Beides ist AMD64. Sollte ich die CFLAG-Optimierung (abgesehen von -O2) also wirklich weglassen? Muss ich wirklich auf icecream verzichen, wenn ich das System möglichst gut an meine CPU anpassen will? Gibt's dafür evtl. workarounds um das Problem zu umgehen und die CFLAGS so zu belassen? Der P4 baut aktuelll nichts. Kann ich nicht die CFLAGS von dem Atom in die make.conf des P4s schreiben?

----------

## Foyaxe

*push*

Genau das hab ich mich auch gerade gefragt!

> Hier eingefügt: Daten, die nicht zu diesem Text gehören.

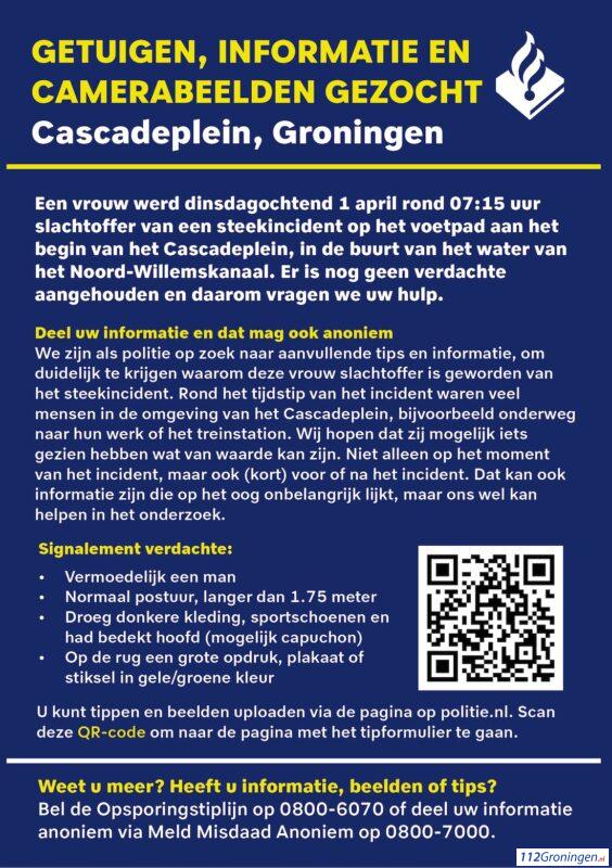 Steekincident Cascadeplein Groningen, 1 vrouw(47) gewond, politie zoekt nogsteeds tips (update)

Das wäre doch völliger Unsinn, die CFLAGS alle rauszunehmen…

Wahrscheinlich ist gemeint, dass beim Bauen von gcc die CFLAGS weg müssen, damit gcc auf den anderen Systemen ausführbar ist?

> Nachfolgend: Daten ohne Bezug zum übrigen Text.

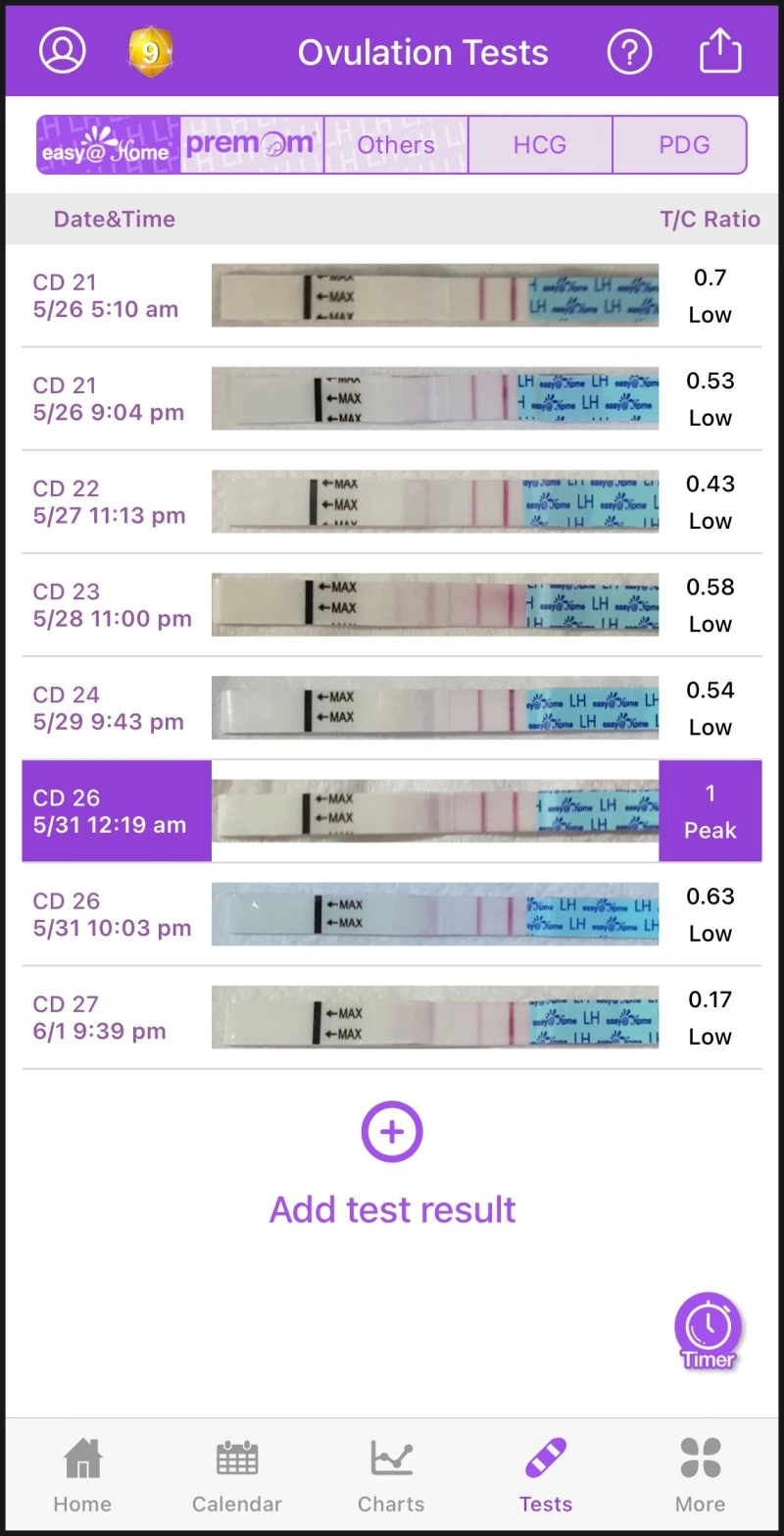 택배 도착 예정일 전날은 친구들과 오랜만에 만나 노는 날이었다. 5월 26일 화요일, 저녁 늦게 아르바이트가 끝나자마자 친구네 집으로 향했는데, 이상하게 음식을 많이 먹지도 못했는데 속이 더부룩하고, 어지럽고, 토할 것만 같았다. 결국 창백한 얼굴로 친구들에게 걱정만 끼치다가 집에 돌아와 보니 배송 예정일보다 하루 일찍 택배가 도착해 있었다. 갑자기 아프던 배가 싹 나았다. 택배 상자를 바로 뜯었고, 호기심을 이기지 못한 나는 바로 테스트를 했다. *Premom이라는 앱을 다운로드받아 소변 컵에서 뺀 후 7분이 지난 테스트기의 사진을 찍으면 결과 수치를 자동으로 보여준다. 결과는 테스트/컨트롤 지수 (T/C Ratio) 0.7, 배란에 의한 임신 가능성 낮음 (Low)이었다. 아직 배란일까지 열흘은 남았을 거라는 예상에 비해서는 높은 편이었다. 나는 곧 배란일이 다가오는 걸까, 아니면 다낭성으로 인해 365일 높은 수치를 내뿜는 것일 뿐일까? 임신을 마음먹는 순간부터 내게 평온과 안정이 없을 거라는 건 예상했지만, 이렇게까지 모든 소소한 일에 걱정이 앞설 줄은 몰랐다.

So ist es zumindest in der Gentoo Doku erklärt.

http://dev.gentoo.org/~rane/icecream.xml

unter Abschnitt "how icecream works"

Gruß

Foyaxe

----------

## disi

Ein Compiler fuer 64bit multilib Systeme kann so ziemlich alles x86 maessige bauen. Also kein Problem wegen der CFLAGS, gerade hier liegt ja der Vorteil zum distcc AFAIR.

Was z.B. auf der Community wiki auf Deutsch komplett fehlt ist das bekannt machen der einzelnen Peers. Da gab es aber vor kurzem schon einmal ein Thema zu, hier im Deutschen Forum... such...

//edit: https://forums.gentoo.org/viewtopic-t-849189-highlight-icecream.html

----------

## Foyaxe

Halt!

icecc schickt (im Gegensatz zu distcc) den ganzen Compiler an die clients mit.

Daher muss der Compiler von allen helfenden Systemen ausführbar sein.

----------